Exactly what foods you eat to lose weight will depend on what works best for your body – a trial and error discovery process. But there are a number of bits of body chemistry that will support you when you get in line with how the body works.
Number one is understanding that hormones control weight gain and loss. The most important of these is insulin. Insulin is the food storage hormone. It takes what you eat and ushers it into the cells either for use or for storage. Your storage cells are more sensitive to insulin than other cell types, so the more insulin you have in your blood stream, the more food you will be storing for later. So weight control begins with lowering insulin levels. Modern authors write about the hormones leptin and ghrelin which control insulin levels and hunger. While the information is interesting, measuring those levels is not available to us here in the real world, so we won’t focus on them.

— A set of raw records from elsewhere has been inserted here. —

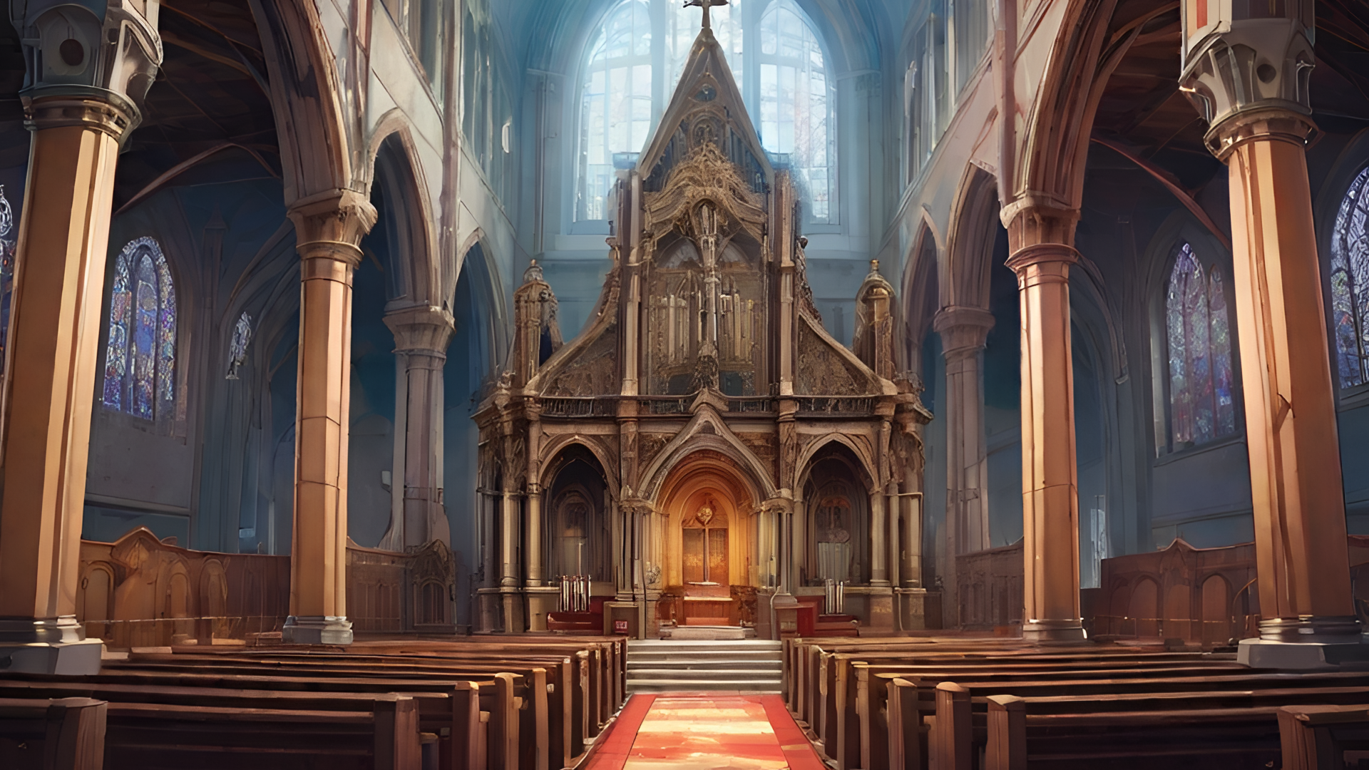 幻想的な雰囲気の教会内部。ファンタジー作品やミステリー系シーンの背景に。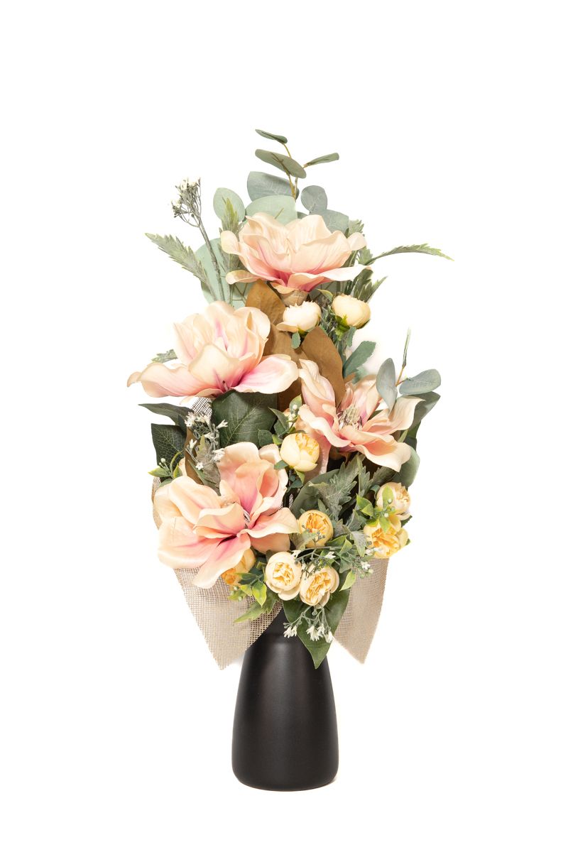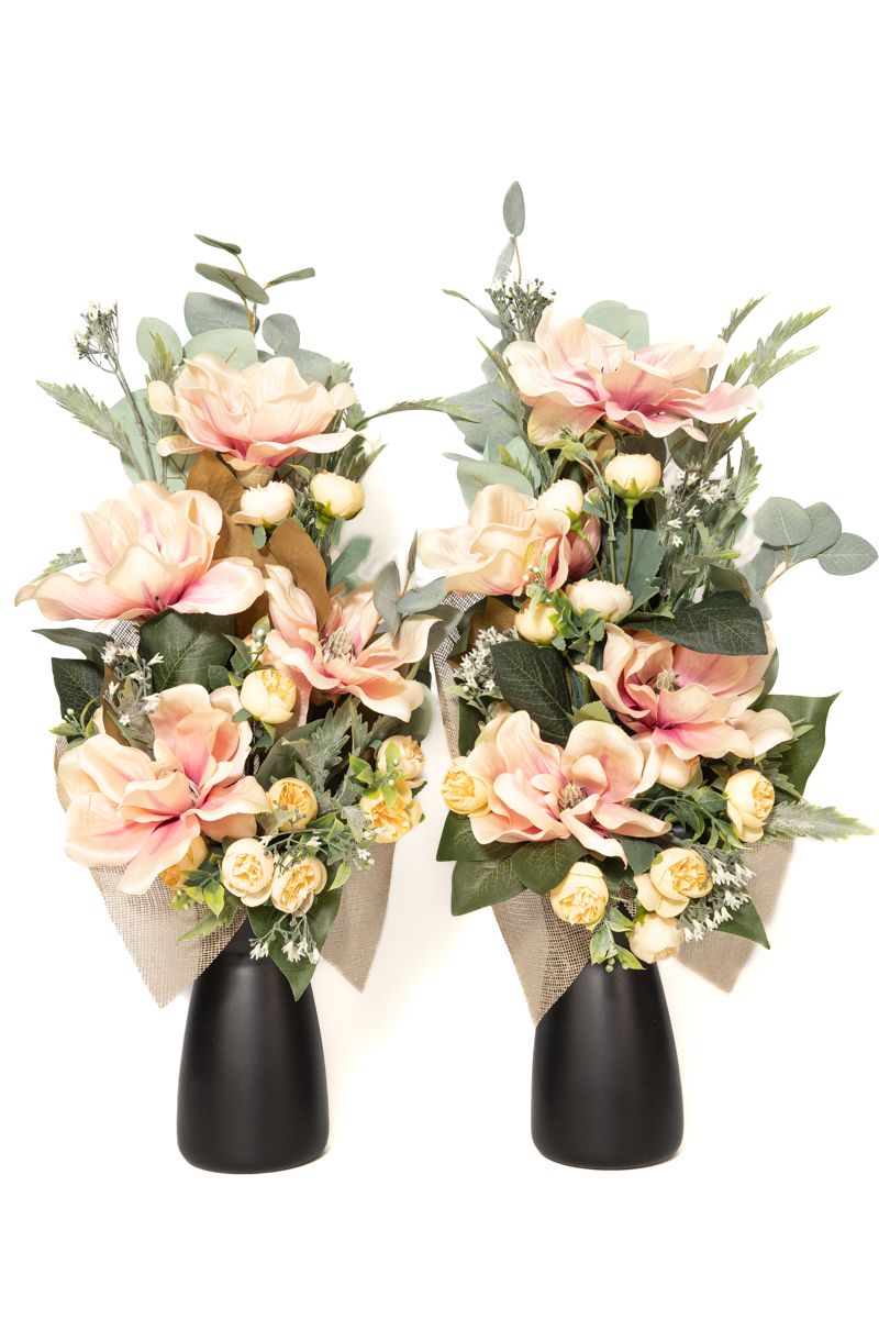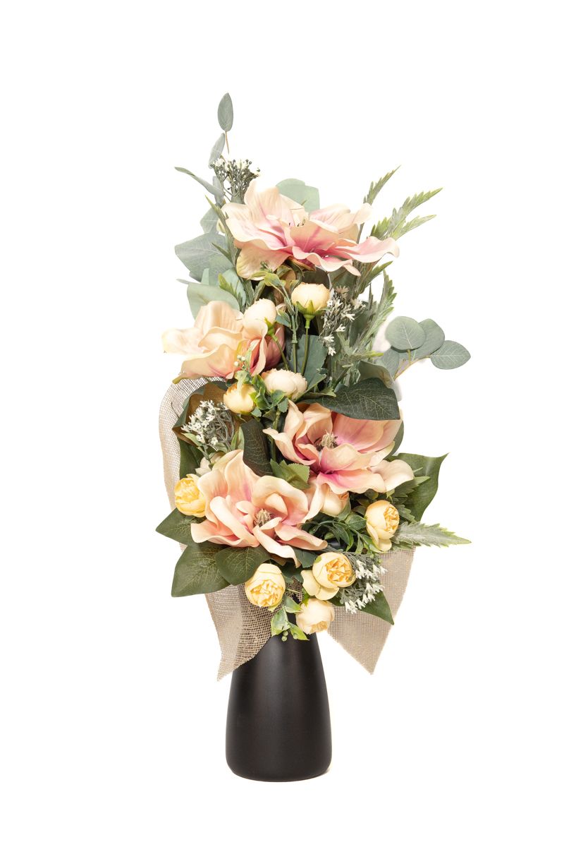 Este diseño floral para cementerio es increíble porque presenta grandes flores de magnolio artificiales. Son flores de alta calidad y durabilidad. Ideales para todo tipo de nichos, tumbas y lápidas de cementerio.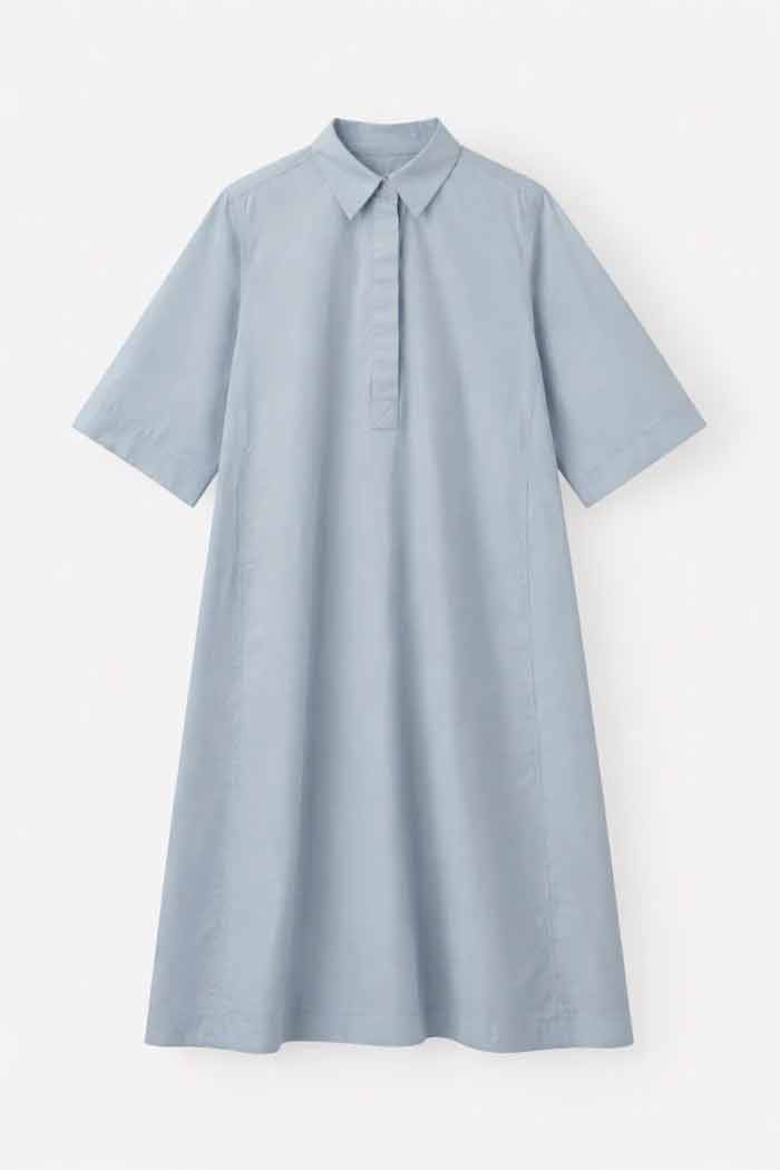 HARI is a relaxed shirt dress in our basic collection of organic cotton. The dress has collar, half button placket with hidden buttons and long sleeves. The sleeves are three quarter length. The dress has pockets in front seams and has an airy and comfy fit for everyday wear.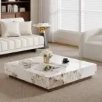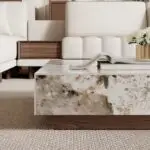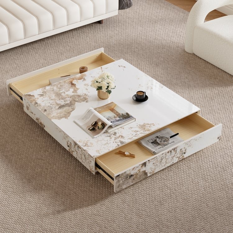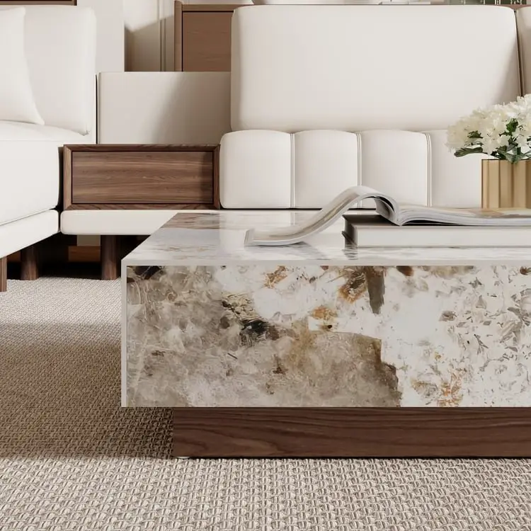 Luxury coffee table, sintered stone table, modern coffee table, marble-inspired table, square coffee table, heat-resistant table, scratch-resistant coffee table, living room centerpiece, minimalist furniture, functional coffee table with drawers.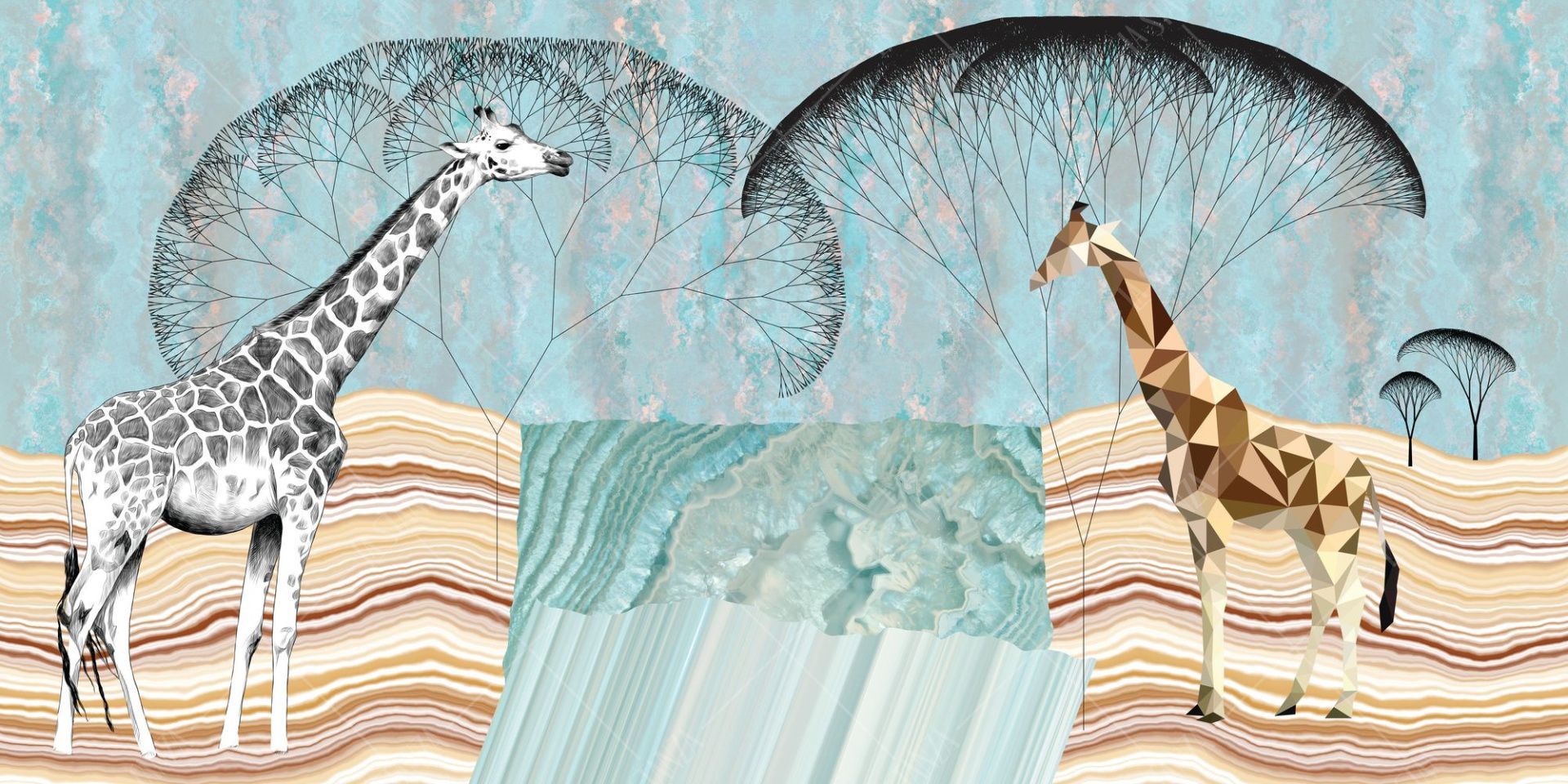 Фреска Жирафы и деревья на мятном фоне
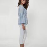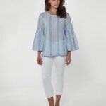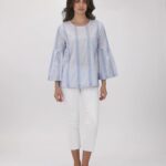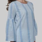 Keep it elegant and stylish with our new white & blue striped blouse featuring unique sleeves that flare out, giving the blouse an air of lightness. Crafted from ultra-soft 100% cotton that feels as good as it looks, offering breathability and all-day comfort for effortless styling.

Insulin jumps up more with sugars and simple carbs and certain proteins. White proteins like chicken, turkey, egg white, and casein (cheese protein) keep insulin levels down, while whey, fish, and red meat proteins cause insulin to raise. For weight loss we don’t want insulin to raise, but if you are doing weight training for muscle gain then a whey protein taken within 15 minutes after a heavy lifting episode triggers insulin to open the muscles to take in more protein for muscle building. But for weight loss we want to keep insulin levels as low as possible.
Every time you eat, your insulin levels go up some. So that means you don’t want to eat very often and when you do you want to eat foods that don’t raise your insulin levels much like white proteins and non-starchy vegetables. Lots of little meals during the day keeps your insulin levels high and stops you from releasing any weight. Two or three square meals a day is all you want. Lots of little meals is for people with medical hypoglycemia issues, not for folks trying to lose weight – which is a problem if you fit both categories. Solve the hypoglycemia first before you try to lose weight.
People will say “but I might feel hungry!” That is actually a good thing. It is when you get hungry that your brain signals the body to produce the hormone glucagon that mobilizes your stored food for use. Hunger should only be the “I feel my stomach is empty” type of hunger. Your body has enough stored energy to keep you going without a dip in energy levels for a couple days. If you get the “I’m falling apart and going to crash” type of hunger, then this is a red flag that your blood sugar regulation system is messed up and needs some serious work. I address this issue through special protocols in the office.
A special problem I have been noticing in some patients lately is many do not have the stored quick energy (glycogen) that should keep them going when they get hungry. This is because they have been trying to do a low carb diet, but they are not doing it low enough to convert their energy system over to fat burning. The body always stays in carb burning if there are any carbs around to burn, because carbs are toxic to the body if left floating around in the blood. The body will not step into fat burning until all the carbs are used up. These people float on the edge of hypoglycemia all the time and feel like crap as a result. If you are going low carb, either go all the way or don’t go at all.